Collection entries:
'''

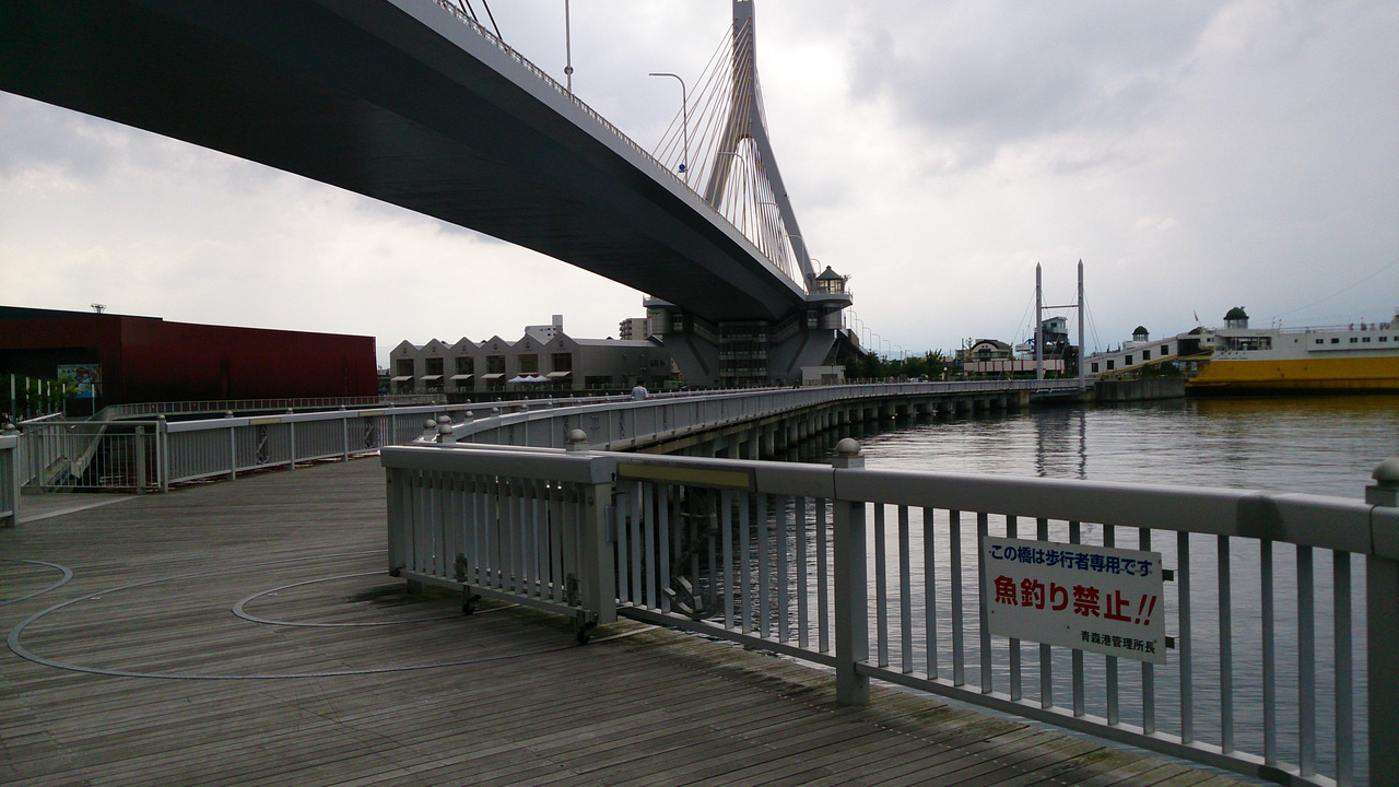 青森ラブリッジは八甲田丸やエーファクトリー方面と青い海公園やアスパム方面をつなぐ遊歩道橋で、こちらを通ると近道。
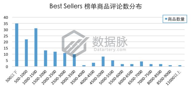 在上周登榜Clothing, Shoes & Jewelry品类Best Sellers榜单的商品中,单个商品拥有的最大评论数为13219,最小评论数为1条,平均评论数2570.1条,评论平均星级4.26星。上周Best Sellers榜单商品的平均评论数继续回升,除了依旧有21.21%的商品评论数在500条以下之外,评论数在1000条至1500条的商品占比略有增加, 达18.79%。此外,Converse 的一双经典板鞋上周成功上榜,成为唯一一款评论数破万的上榜商品。
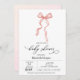 Pink Bow Ribbon Dots Baby Shower Invitation
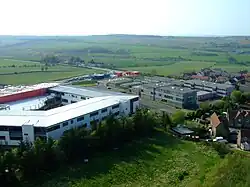 Aerial view of the new (under construction) and old school buildings in 2008. The old school has since been demolished. | |
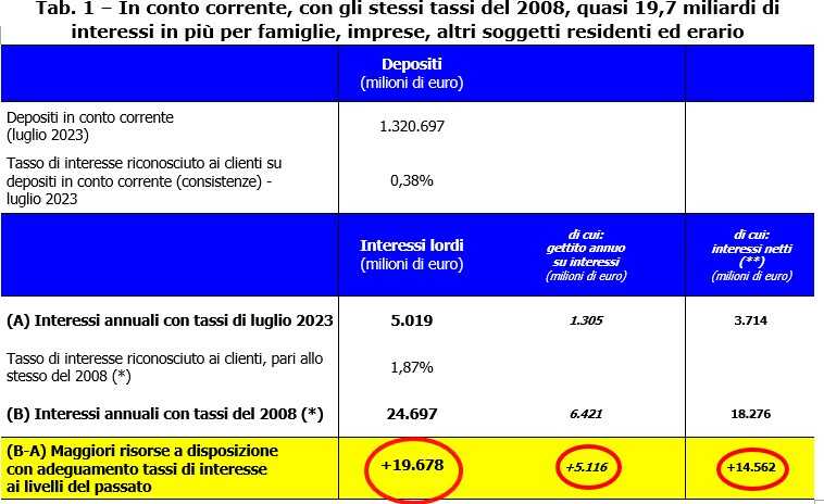 A gioire, comunque, sarebbe anche il fisco che, grazie a questo allineamento ai tassi attivi di 15 anni fa, incasserebbe 5,1 miliardi di euro di gettito in più dall’attuale applicazione delle imposte sugli interessi.

'''

- EXERCISE PROMPT: From the line that contains "在上周登榜Clothing, Shoes &" through the last line of the entries, transcribe every line exactly, leaving out the pictures.

- RESULT:
 在上周登榜Clothing, Shoes & Jewelry品类Best Sellers榜单的商品中,单个商品拥有的最大评论数为13219,最小评论数为1条,平均评论数2570.1条,评论平均星级4.26星。上周Best Sellers榜单商品的平均评论数继续回升,除了依旧有21.21%的商品评论数在500条以下之外,评论数在1000条至1500条的商品占比略有增加, 达18.79%。此外,Converse 的一双经典板鞋上周成功上榜,成为唯一一款评论数破万的上榜商品。
 Pink Bow Ribbon Dots Baby Shower Invitation
 Aerial view of the new (under construction) and old school buildings in 2008. The old school has since been demolished. | |
 A gioire, comunque, sarebbe anche il fisco che, grazie a questo allineamento ai tassi attivi di 15 anni fa, incasserebbe 5,1 miliardi di euro di gettito in più dall’attuale applicazione delle imposte sugli interessi.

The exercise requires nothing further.